== DATA BELOW

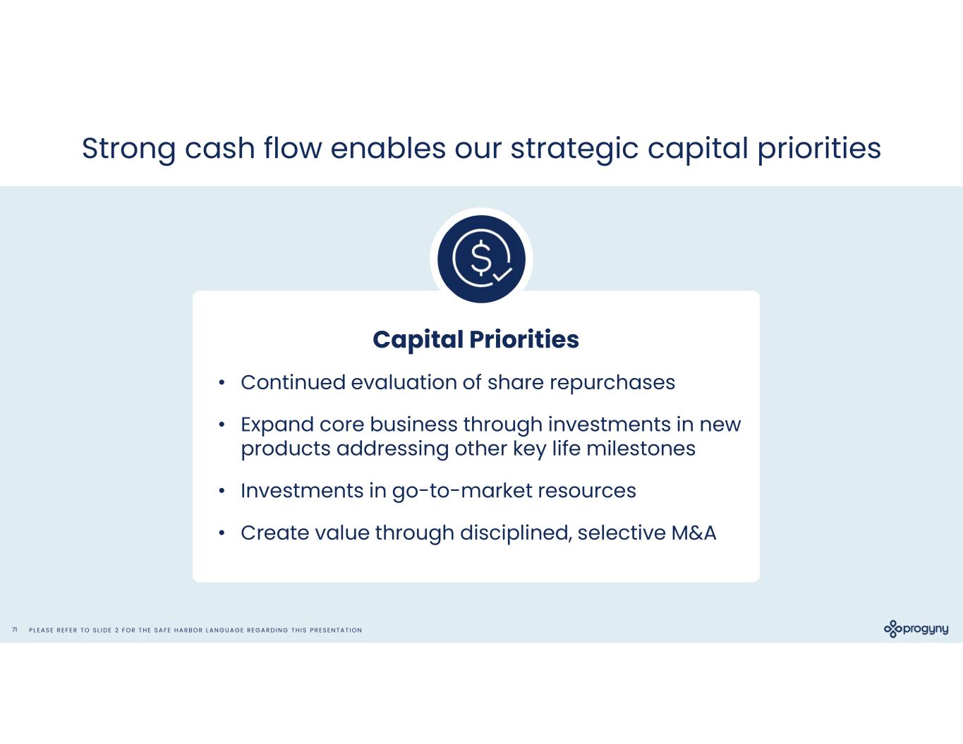 P L E A S E R E F E R T O S L I D E 2 F O R T H E S A F E H A R B O R L A N G U A G E R E A R D I N G T H I S P R E S E N T A T I O N71强劲的现金流使我们的战略资本优先事项成为可能•持续评估股份回购•通过投资新产品来扩展核心业务,以解决其他关键生命里程碑•投资上市资源•通过有纪律、有选择的并购资本优先事项创造价值
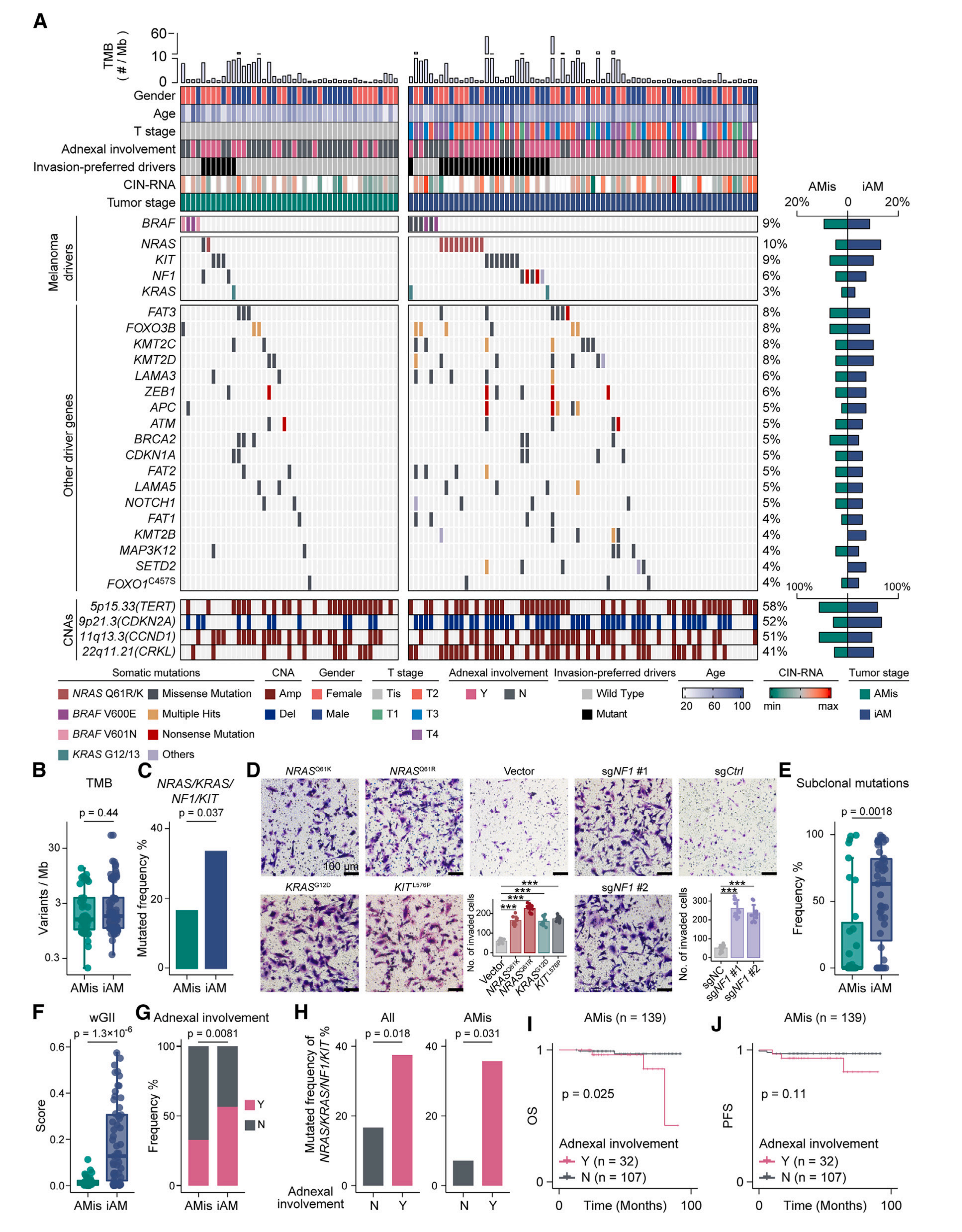 AMis和iAM的轉(zhuǎn)錄組學(xué)比較顯示在iAM中富集細(xì)胞外基質(zhì)(ECM)組織、EMT、KRAS、巨噬細(xì)胞遷移和干擾素γ (IFNγ)?通路,暗示AM侵襲期間TME失調(diào)??偟膩碚f,驅(qū)動突變、基因組不穩(wěn)定性和TME改變共同作用有助于AM侵襲。另外,研究人員還發(fā)現(xiàn)附屬器受累也與AMis的驅(qū)動突變及侵襲能力密切相關(guān)。
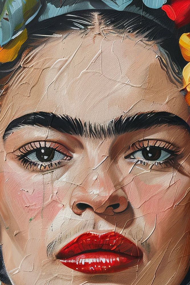 In dit kunstwerk dat de unieke esthetiek van Frida weergeeft, staat de kunstenares zelf centraal, omringd door een weelderige bloemenpracht. Kahlo's gezichtsuitdrukking straalt een mengeling van kracht en tederheid uit, terwijl de bloemen om haar heen een verscheidenheid aan emoties en betekenissen vertegenwoordigen. De bloemen, die variëren van felle kleuren tot zachte pasteltinten, voegen een diepe sensualiteit en vitaliteit toe die kenmerkend is voor de werken van Kahlo. Elke bloem lijkt zijn eigen verhaal te vertellen en hun opstelling rond Kahlo creëert een harmonieus evenwicht tussen de levende natuur en de sterke persoonlijkheid van de kunstenares. Deze compositie brengt niet alleen de schoonheid van de natuur over, maar ook de innerlijke wereld en rijke emotionele rijkdom van Frida zelf, gevangen in een tijdloos kunstwerk dat de kijker in vervoering brengt.
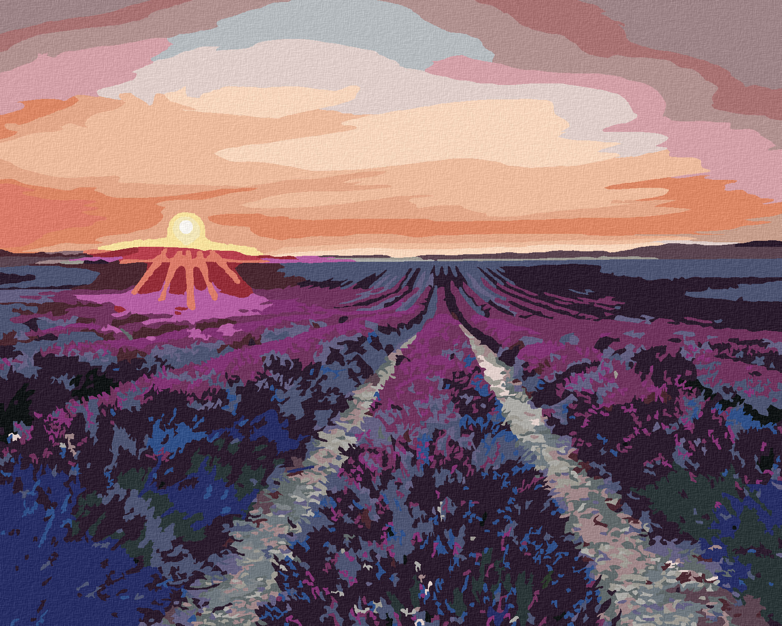 Malování podle čísel - LEVANDULOVÉ POLE A ZÁPAD SLUNCE - 40x50 cm, vypnuté plátno na rám

====

| GOAL OF THE EXERCISE |
Print the data exactly, from its first line to the line containing "In dit kunstwerk", both included. Omit the pictures.

| WRITTEN ANSWER |
 P L E A S E R E F E R T O S L I D E 2 F O R T H E S A F E H A R B O R L A N G U A G E R E A R D I N G T H I S P R E S E N T A T I O N71强劲的现金流使我们的战略资本优先事项成为可能•持续评估股份回购•通过投资新产品来扩展核心业务,以解决其他关键生命里程碑•投资上市资源•通过有纪律、有选择的并购资本优先事项创造价值
 AMis和iAM的轉(zhuǎn)錄組學(xué)比較顯示在iAM中富集細(xì)胞外基質(zhì)(ECM)組織、EMT、KRAS、巨噬細(xì)胞遷移和干擾素γ (IFNγ)?通路,暗示AM侵襲期間TME失調(diào)??偟膩碚f,驅(qū)動突變、基因組不穩(wěn)定性和TME改變共同作用有助于AM侵襲。另外,研究人員還發(fā)現(xiàn)附屬器受累也與AMis的驅(qū)動突變及侵襲能力密切相關(guān)。
 In dit kunstwerk dat de unieke esthetiek van Frida weergeeft, staat de kunstenares zelf centraal, omringd door een weelderige bloemenpracht. Kahlo's gezichtsuitdrukking straalt een mengeling van kracht en tederheid uit, terwijl de bloemen om haar heen een verscheidenheid aan emoties en betekenissen vertegenwoordigen. De bloemen, die variëren van felle kleuren tot zachte pasteltinten, voegen een diepe sensualiteit en vitaliteit toe die kenmerkend is voor de werken van Kahlo. Elke bloem lijkt zijn eigen verhaal te vertellen en hun opstelling rond Kahlo creëert een harmonieus evenwicht tussen de levende natuur en de sterke persoonlijkheid van de kunstenares. Deze compositie brengt niet alleen de schoonheid van de natuur over, maar ook de innerlijke wereld en rijke emotionele rijkdom van Frida zelf, gevangen in een tijdloos kunstwerk dat de kijker in vervoering brengt.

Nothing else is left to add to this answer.